Vor 4 Tagen hat uns Herr von Holten verlassen. Wir sind alle betrübt. Eine solche Vereinigung von Liebenswürdigkeit und Bosheit ist ein ganz selten Ding. Ein alter Abbé, mit den Launen eines großen Schauspielers. Dabei eine ganz merkwürdige Erfindsamkeit im Wohltun, im Freudemachen – jedermann hat eine Geschichte davon zu erzählen.
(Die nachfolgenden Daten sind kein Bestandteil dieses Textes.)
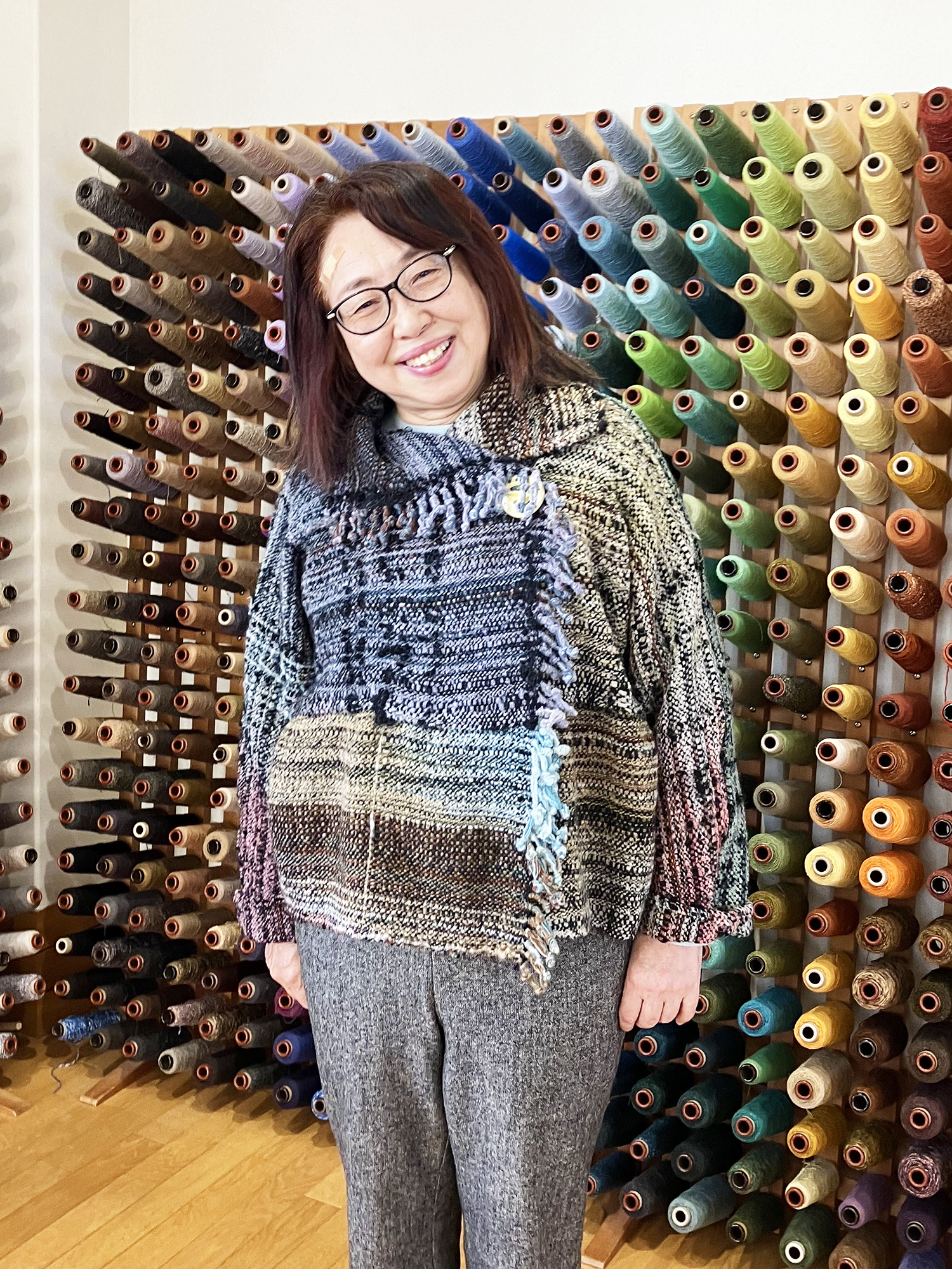 染めたウールのタテ糸で織った布を、ジャケットに仕立てました。グラデーションの美しさや、アクセントのフリンジで、パッと目を惹く一着です。
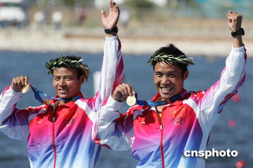 當地時間八月二十八日,中國選手孟關良、楊文軍在雅典奧運男子五百米雙人劃艇比賽中奪得金牌。中新社記者:毛建軍
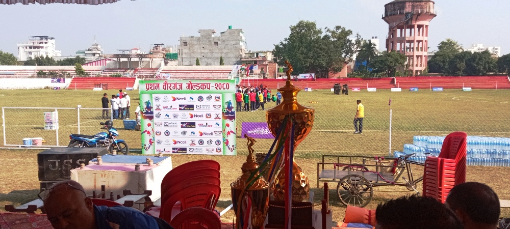 क्रिकेटका राष्ट्रियस्तरका खेलाडी आरिफ शेख र आसिफ शेखजस्ता खेलाडीले बल उफारेको नारायणी रंगशाला पछिल्लो समयमा खेल खेलाउने लायक नभएपछि प्रथम वीरगन्ज गोल्डकप २०८० समेत विकल्प खोजी गर्दै वीरगन्जकै आदर्शनगर रंगशालामा गरी वीरगन्जको विगतको शाख खोज्ने प्रयास भेट्रान सिटी क्लवले गरेको छ । राजनीतिक आडमा हुँने भ्रष्टाचार र राज्यको उपेक्षामा परेको वीरगन्जको खेलकुद र चुस्त खेल मैदानकै अभावमा रोकिएको ठूलो प्रतियोगिता विगत २२ बर्षदेखि खासै हुन सकेको थिएन । यो पटक भने वीरगन्जले अझै पनि राम्रा प्रतियोगिता गराउन सक्छ भन्ने सन्देश दिन पनि आदर्शनगर रंगशालामै भए पनि प्रतियोगिता गर्न आँट भेट्रान सिटीले गरेको भेट्रान सिटी क्लवका सल्लाहकार तथा फुटवल संघ मधेश प्रदेशका उपाध्यक्ष दिपक साह कानुले तर्क गरे ।
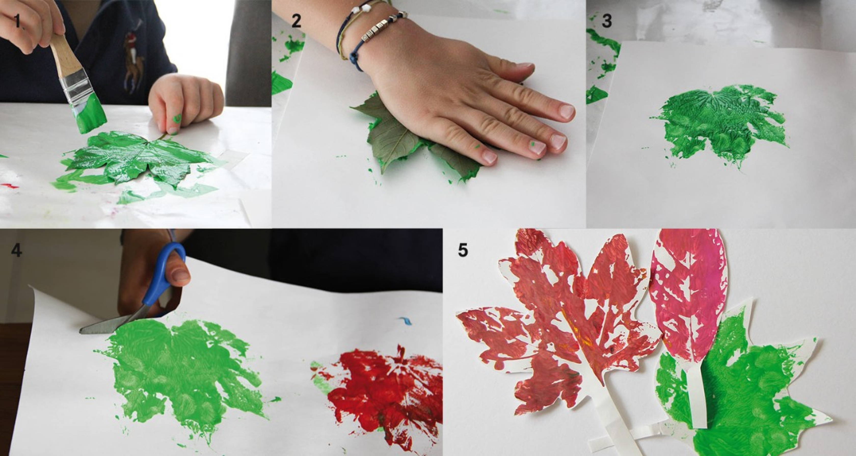 - Dipingete le foglie con colori autunnali e stampatele sulla carta.

Er muß in der Tat in den glücklichsten Verhältnissen sein, ich meine nicht des Beutels sondern des Herzens, denn es verging kein Tag, wo er nicht etwas derart »verbrochen« hätte. – Für mich hatte er sich folgende Artigkeit ausgedacht: er hatte sich eine Komposition des einzigen Musikers, den ich heute gelten lasse, meines Freundes Peter Gast eingeübt und spielte sie mir privatissime sechsmal auswendig vor, entzückt über »das liebenswürdige und geistreiche Werk«. – In rebus musicis et musicantibus vertrugen wir uns zum besten, d.h. wir waren ohne jede Toleranz und sezierten den »Einäugigen« unter den Blinden ... Was Riemann betrifft, so haben wir ernst genug darüber gesprochen, doch auch im gleichen Sinn, nämlich daß eine »phrasierte«[1311] Ausgabe schlimmer ist, als jede andere – nämlich als eine bösartige Schulmeisterei. Was »unrichtig« ist, läßt sich in der Tat in zahllosen Fällen bestimmen; was richtig ist, fast nie. Die Illusion der »phraseurs« in diesem Punkte schien uns außerordentlich. Die Grundvoraussetzung, auf die sie bauen, daß es überhaupt eine richtige, d.h. eine richtige Auslegung gibt, scheint mir psychologisch und erfahrungsgemäß falsch. Der Komponist, im Zustande des Schaffens wie des Reproduzierens, sieht diese feinen Schatten in einem bloß labilen Gleichgewicht, – jeder Zufall, jede Erhöhung oder Ermattung des subjektiven Kraftgefühls faßt bald größere, bald notwendig engere Kreise als Einheiten zusammen. Kurz, der alte Philologe sagt, aus der ganzen philologischen Erfahrung heraus: es gibt keine alleinseligmachende Interpretation, weder für Dichter, noch für Musiker (ein Dichter ist absolut keine Autorität für den Sinn seiner Verse: man hat die wunderlichsten Beweise, wie flüssig und vag für sie der »Sinn« ist –).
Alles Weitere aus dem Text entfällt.